Tucker Carlson pretending to move left is even less believable than that like 6 weeks Megyn Kelly tried that.
Spot on, Parker. Was already thinking about Lyz's piece, and your previous work, and then you mentioned both. *ucker is a monster, always has been, and I don't trust him to ever be anything else.
Tucker's the broken clock that's right twice a day. But there's a reason we don't use broken clocks.
“The infighting on the right is genuinely useful. Boosting the people doing it is not.”
Bars.
Spot on, as always.
Thank you Parker for your sane, well written analysis of the chameleon Carlson. I appreciate that you trace his M.O. over time and how the underlying tactic remains the same while the language shifts for the intended audience. I also appreciate that instead of vilifying individual print journalists you expose the underlying issue of framing while suggesting better questions that will give us different results instead of unwitting cooperation with his own agenda.
I wish fewer media outlets would ask what Tucker Carlson truly believes and instead just cite his actual past statements, highlighting his inconsistencies where they exist. At the end of the day, what he says and does matters. "What does he *truly* believe?" Who cares.
"Who cares?" is right. It's like the eternal question about whether Trump really believes the shit he says. A complete waste of time to even think about, and yet I find myself drawn into thinking about it more than I'd like. Most often in the form of: "Oh come on, he can't REALLY believe that!" And then I sense where that's headed and try to think of something else.
I turned off the Daily's interview with Carlson.
"Nobody, in his telling, should be punished for the circumstances of their birth." OTOH, Obama "really hates white people." That's projection for you.
It would be good if, like in an essay, a journalist interviewing Carlson could narrow sharply the thesis statement they are testing - not ‘what does TC really believe’ which you will never get because it is too politically abusive for him to reveal [not that the NYT wouldn’t launder it anyway] and also such a broad thesis has a narcissistic supply element for a guy who literally thrives on being heard and seen, and laundering abusive devaluations of the Other.
Even the most seasoned and expert interviewer is still dealing with a diversionary artist. To keep forefront the position that *any* audience of TC’s is a target for being manipulated into giving consent to be duped and devalued, it might keep an interviewer strictly on developing that thesis. As much as the Garcia-Navarro tried, as PM noted, he is as big a narc as one is ever going to meet. His whole life is this gig.

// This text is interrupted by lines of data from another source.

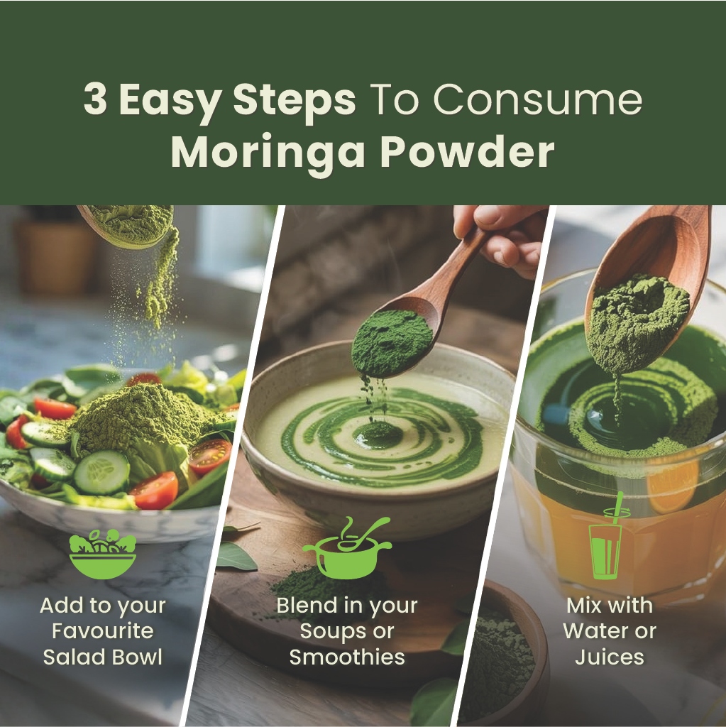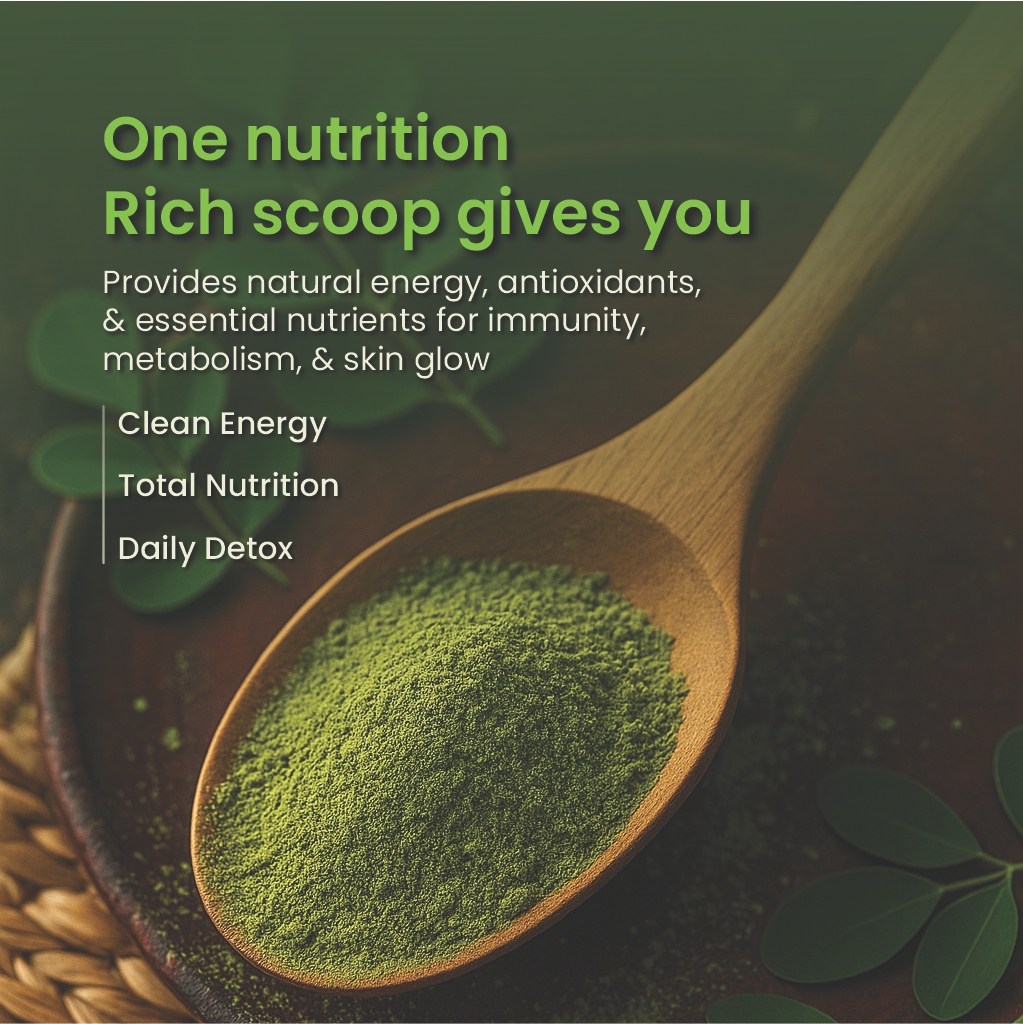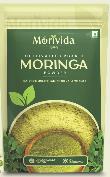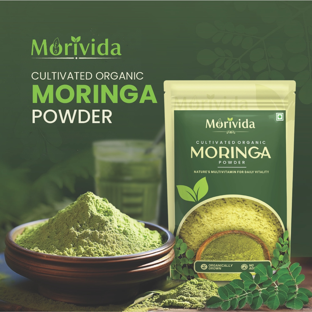Morivida Moringa Powder is a natural source of Vitamins A, C, and E. It is packed with essential minerals like Calcium, Iron, and Magnesium to support your body's needs.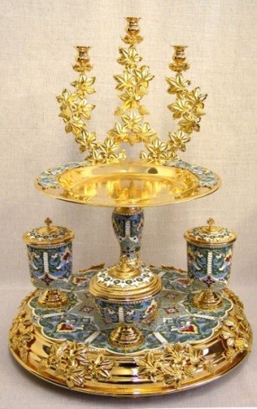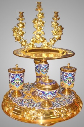 Поскольку литийница используется на литии – особой части Всенощного бдения, совершаемой только накануне больших праздников, – то момент ее выноса из алтаря имеет особую торжественность. Позолоченная литийница с узорчатым трехсвечником, обвитому листьями, станет украшением богослужения.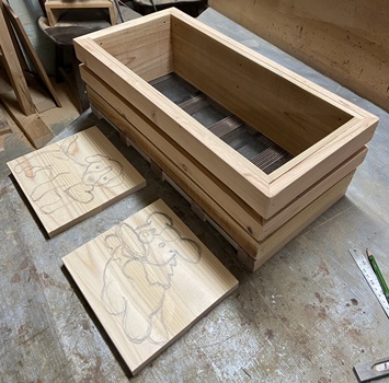 | 内寸(容積)の縦横深さが20*48*15.5cmのただのハコを1cm厚の杉板で。 箱の外側にアクセントで、1.5cmと1.2cm厚板を帯状に3段に巻いて厚みを付ける。 |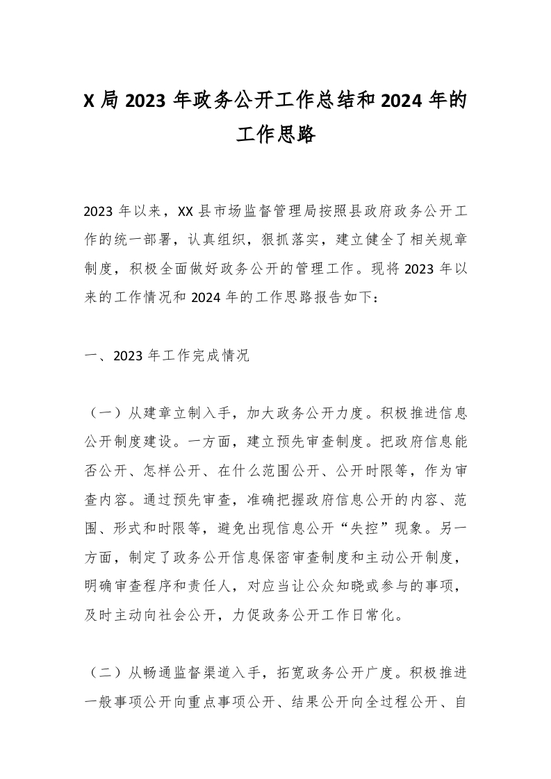 / X局2023年政务公开工作总结和2024年的工作思路

Going into an interaction with such a personality can only be sustained if all the strategies of dismantling a seasoned manipulator are employed. Grey-rock, waiting at non answers and returning to thesis. Doing the meta-dance conversation [eg the argument of ‘tone’ he used with Lenz], following squirrels [‘killing children’] and other rhetorical diversions is the playbook narcissistic discourse. The latitude of ‘what he believes’ is too broad a basis for interviewing him. We know what he believes, ‘how TC pulls this shit off’ - as Molloy and Lenz etc have used, would be so much more expansive.
once, under oath, he said that people knew better than to believe him because we was an entertainer, not a journalist. got it.
“Is that worse than killing kids?” For a second there, I thought he was going to talk about aborted fetuses.
I have this weird defect in my brain where I'm able to assess whether a thing is good or bad without needing to compare it to some other totally unrelated thing.
Sadly, there's always somebody killing (real) kids somewhere.